◆ **DATA PROVIDED**
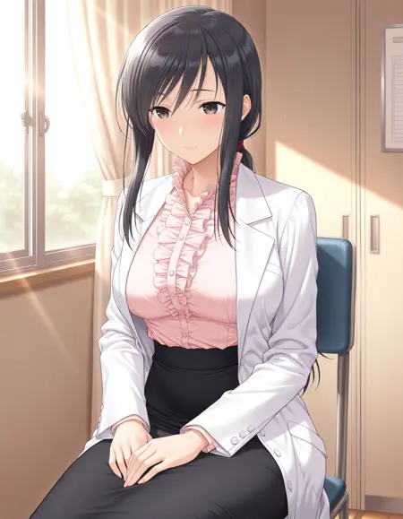 lab coat, light pink shirt, frilled shirt, black skirt, pencil skirt, medium skirt
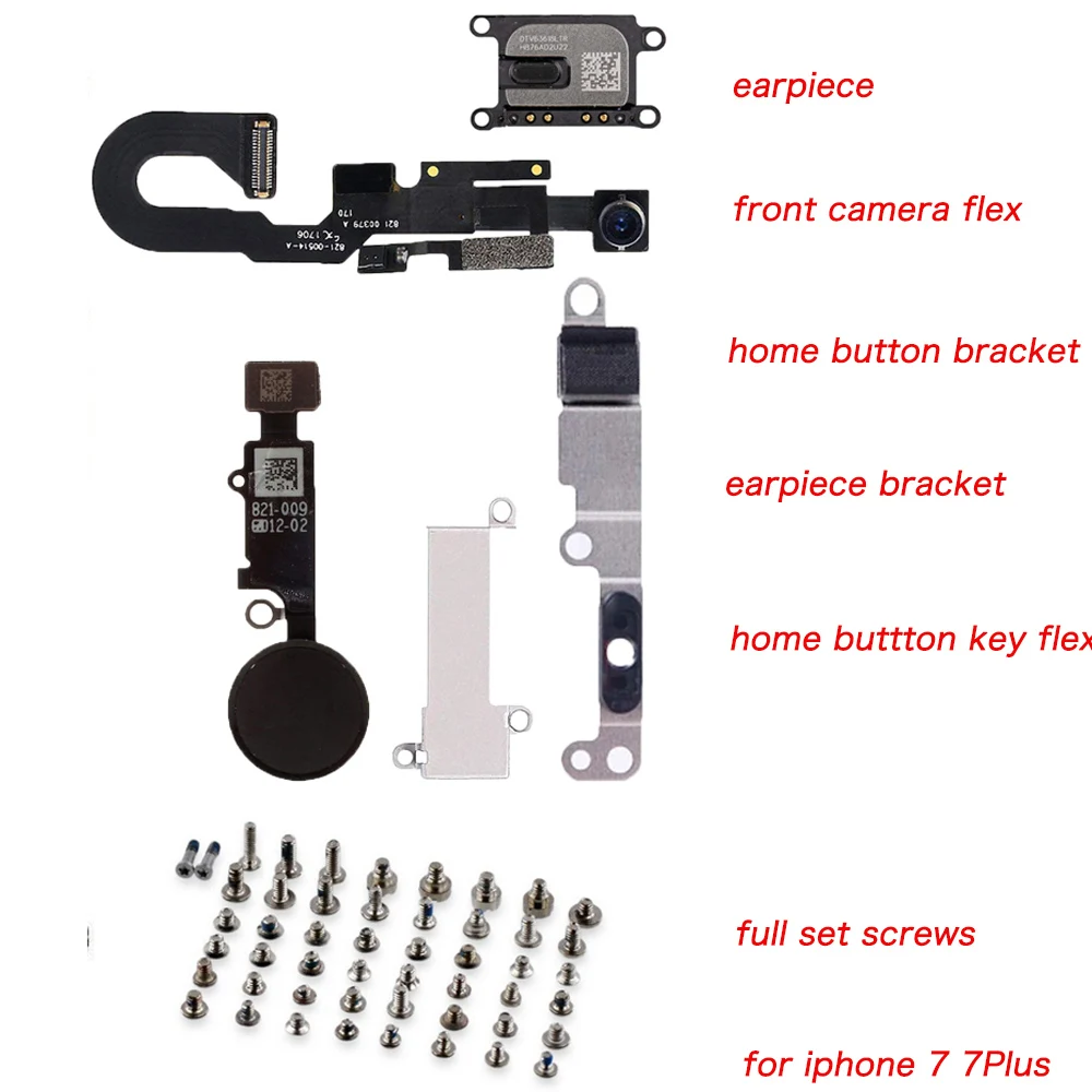 Product Name: Piezas de lcd completo para iphone 7 7 Plus altavoz de cámara frontal con soporte de Metal botón de inicio Cable flexible y tornillos de juego completo
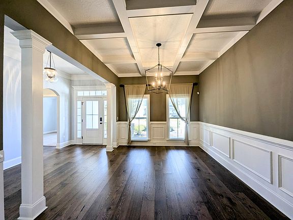 As you step into the inviting foyer, you'll be immediately drawn to the elegant formal dining room, adorned with coffered ceilings, setting the tone for the luxury that flows throughout the home. The open-concept great room, featuring tray ceilings and a cozy gas log fireplace, is perfect for both relaxing and entertaining.
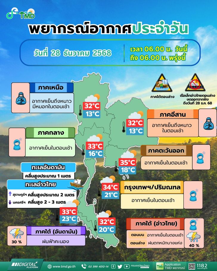 ขอให้ชาวเรือบริเวณอ่าวไทยและทะเลอันดามันเดินเรือด้วยความระมัดระวัง และหลีกเลี่ยงการเดินเรือในบริเวณที่มีฝนฟ้าคะนอง เรือเล็กบริเวณอ่าวไทยตอนล่างควรงดออกจากฝั่งต่อไปอีก 1 วัน (28 ธ.ค. 68) และประชาชนบริเวณชายฝั่งภาคใต้ฝั่งตะวันออกตอนล่างควรระมัดระวังคลื่นที่ซัดเข้าหาฝั่งไว้ด้วย
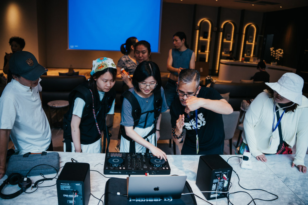 在工作坊中,DJ Troi Lee教聋人朋友如何通过特殊的震动背心,“听到”音乐。
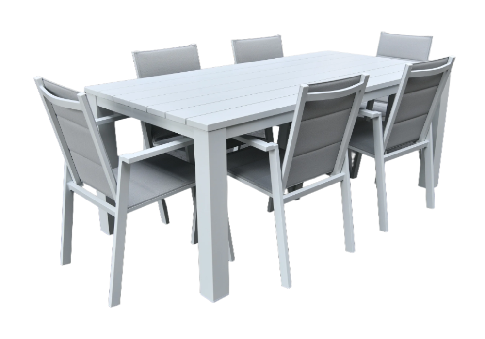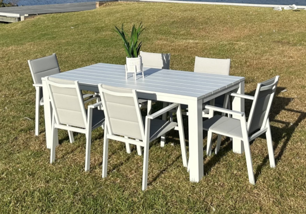 The Portsea 1800 7pce Dining Suite is the ultimate outdoor dining set, offering a combination of contemporary design, durability, and comfort. With a spacious dining table and six comfortable armchairs, this suite is perfect for gatherings, family meals, and outdoor entertaining. Designed for easy maintenance and long-lasting performance, the Portsea suite enhances your outdoor space with style.
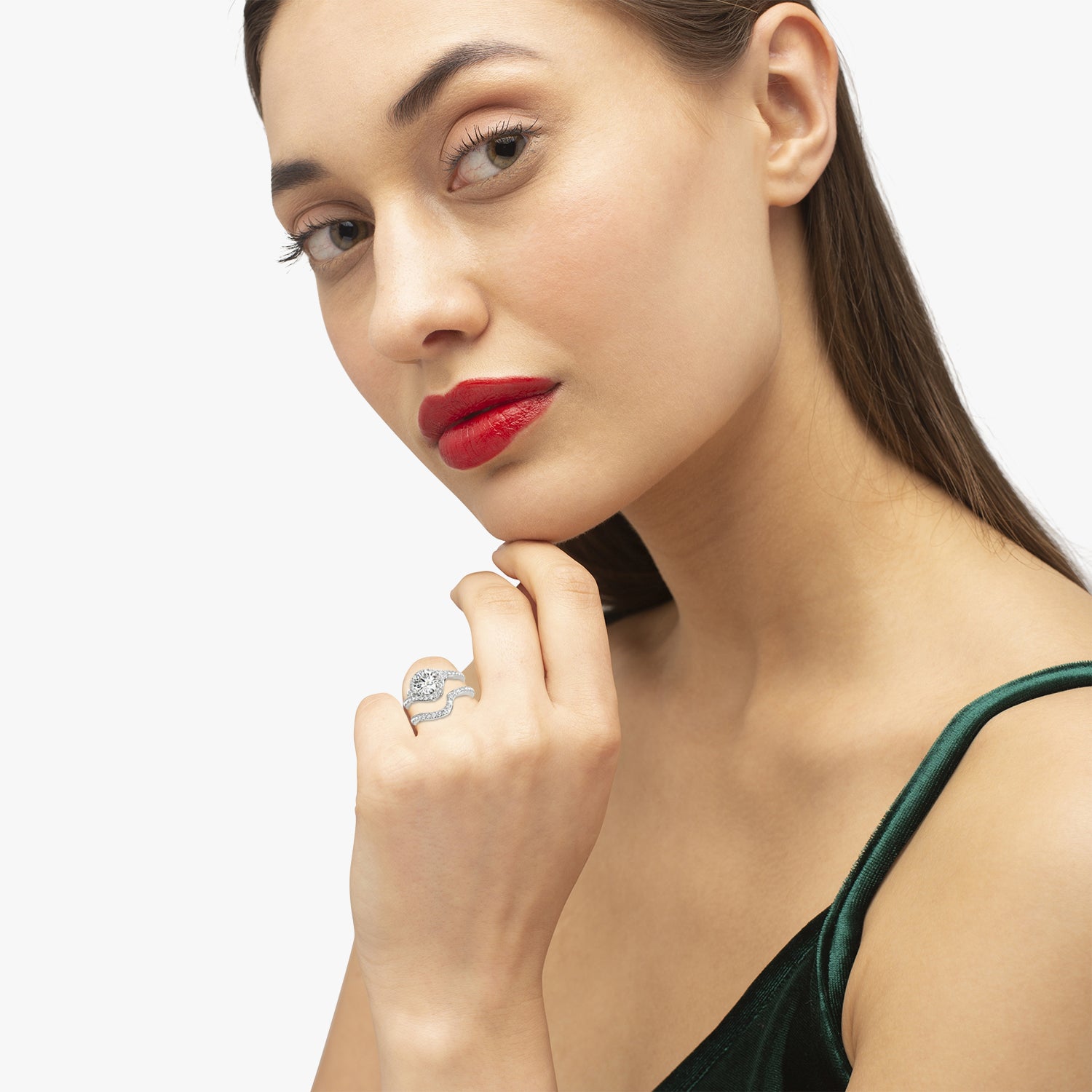 34 prong-set diamonds travel up the top of the engagement ring band and form a halo swirl around the diamond of your choosing, and two slightly larger accent diamonds sit on either side of the main stone.
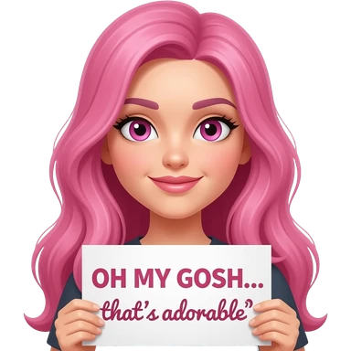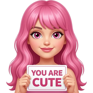 sexy girl with long pink hair and pink eyes wearing a holding a YOU ARE CUTE sign emoji
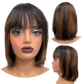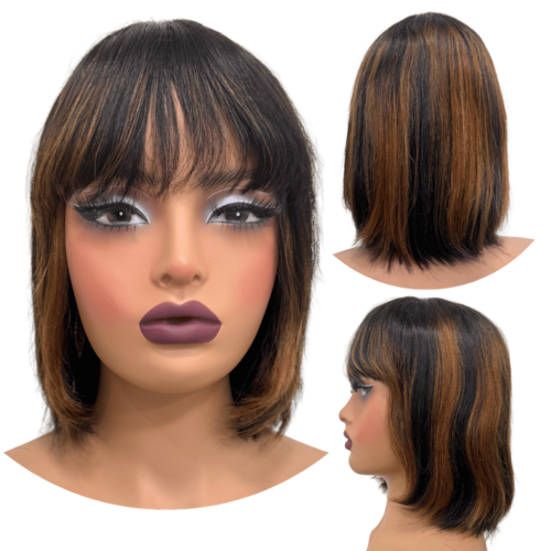 Peruca humana curta bob franja 25cm preta mecha loira F2/30 - Peruca de cabelo humano curta com franja
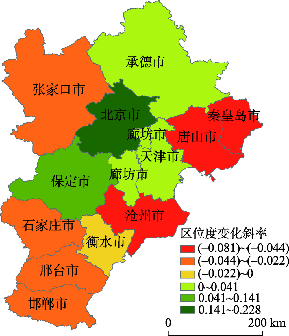 | 图4 1993-2013年京津冀城市社会经济区位度变化斜率 |
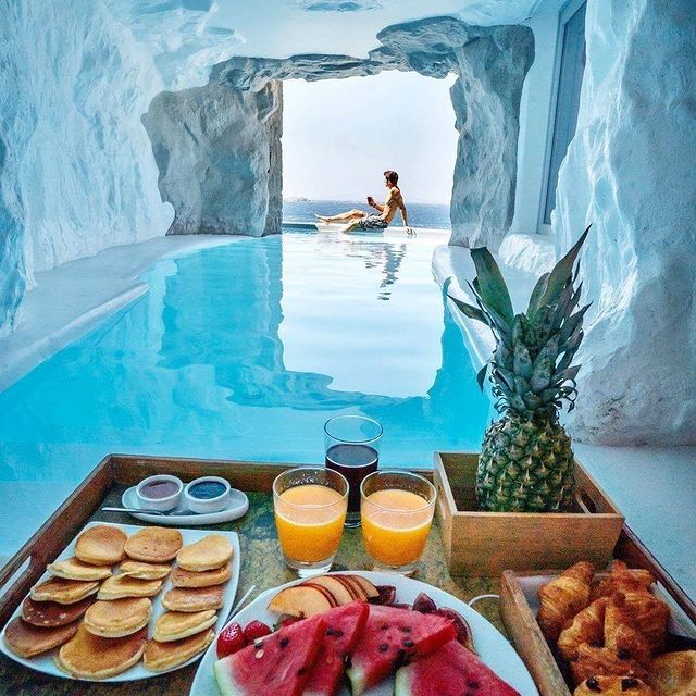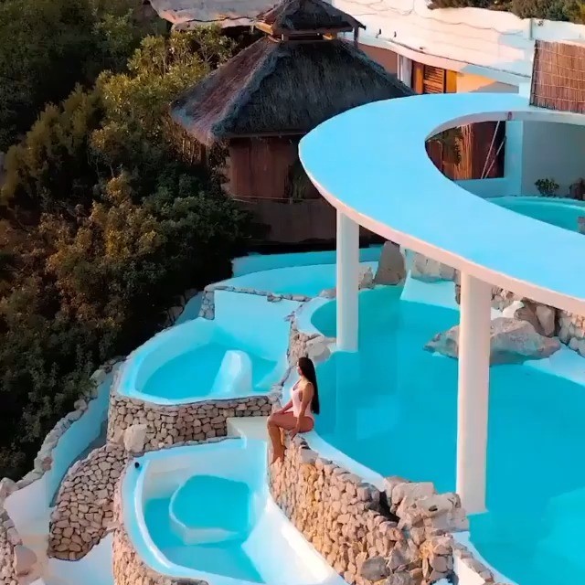Beautiful hotels on the rocky shores of Greece.
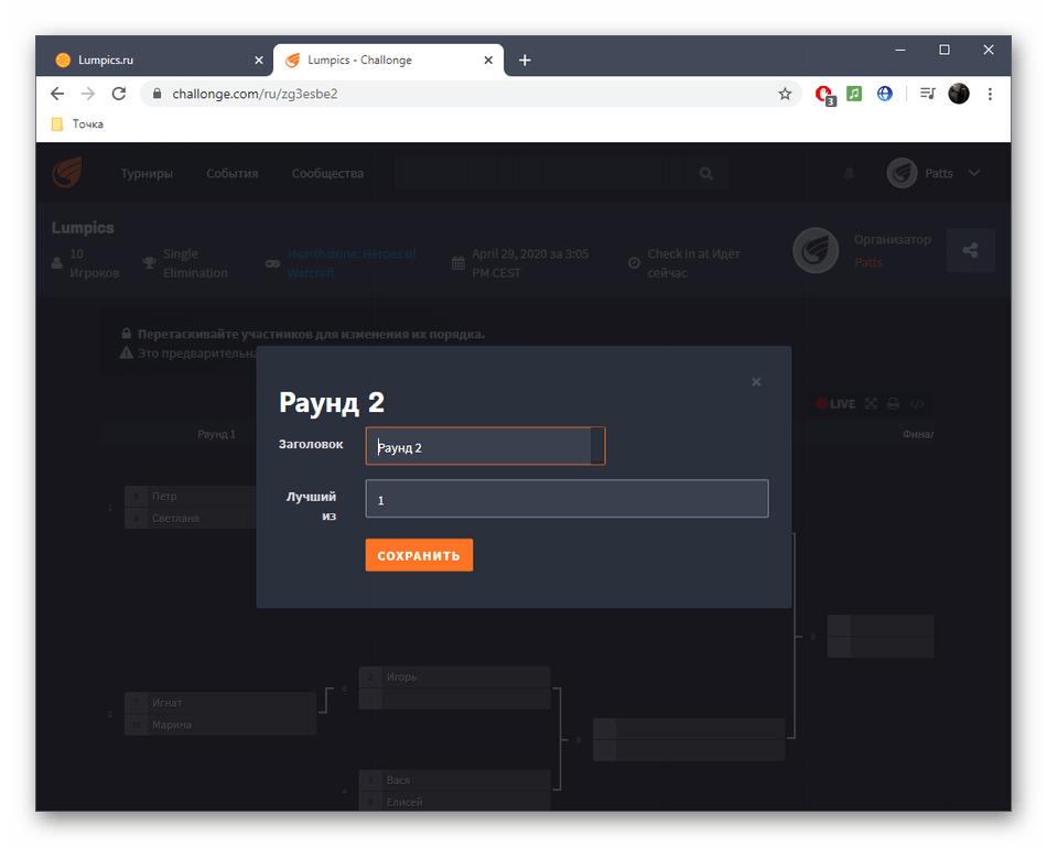 При необходимости редактируйте название раундов и изменяйте строку «Лучший из», чтобы указать, сколько матчей нужно выиграть для победы в паре.
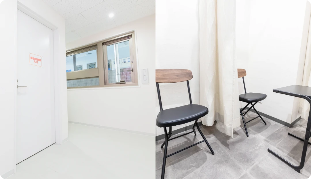 発熱のある患者さまには、一般の出入口とは別の導線でご案内し、完全個室にて診察を行っています。

◆ **PROBLEM**
Your answer should consist solely of the lines from the one with "sexy girl with" through the last line of the entries, restated word for word, with the pictures omitted.

◆ **EXERCISE RESPONSE**
 sexy girl with long pink hair and pink eyes wearing a holding a YOU ARE CUTE sign emoji
 Peruca humana curta bob franja 25cm preta mecha loira F2/30 - Peruca de cabelo humano curta com franja
 | 图4 1993-2013年京津冀城市社会经济区位度变化斜率 |
Beautiful hotels on the rocky shores of Greece.
 При необходимости редактируйте название раундов и изменяйте строку «Лучший из», чтобы указать, сколько матчей нужно выиграть для победы в паре.
 発熱のある患者さまには、一般の出入口とは別の導線でご案内し、完全個室にて診察を行っています。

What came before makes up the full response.